(Given material)
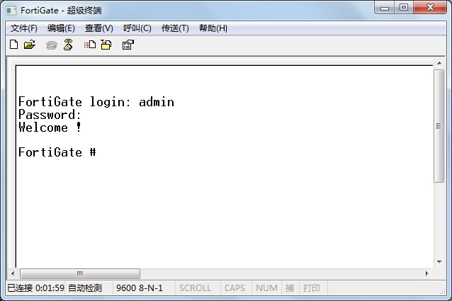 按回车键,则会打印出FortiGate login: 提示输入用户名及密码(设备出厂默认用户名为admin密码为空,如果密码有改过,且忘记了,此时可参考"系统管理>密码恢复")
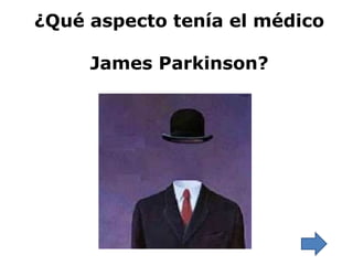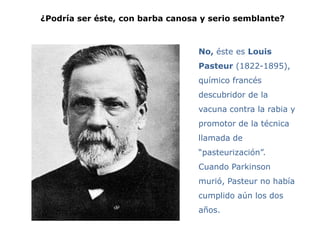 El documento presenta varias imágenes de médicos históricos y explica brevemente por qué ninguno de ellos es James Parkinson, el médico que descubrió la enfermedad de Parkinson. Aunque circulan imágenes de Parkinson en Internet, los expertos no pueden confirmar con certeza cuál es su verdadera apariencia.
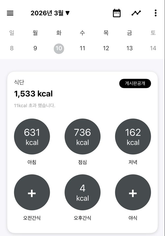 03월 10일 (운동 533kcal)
(End Given material)
▶ [What you will do]: Reproduce the whole listing above character for character; pictures do not belong in it.

▶ [Solution below]:
 按回车键,则会打印出FortiGate login: 提示输入用户名及密码(设备出厂默认用户名为admin密码为空,如果密码有改过,且忘记了,此时可参考"系统管理>密码恢复")
 El documento presenta varias imágenes de médicos históricos y explica brevemente por qué ninguno de ellos es James Parkinson, el médico que descubrió la enfermedad de Parkinson. Aunque circulan imágenes de Parkinson en Internet, los expertos no pueden confirmar con certeza cuál es su verdadera apariencia.
 03월 10일 (운동 533kcal)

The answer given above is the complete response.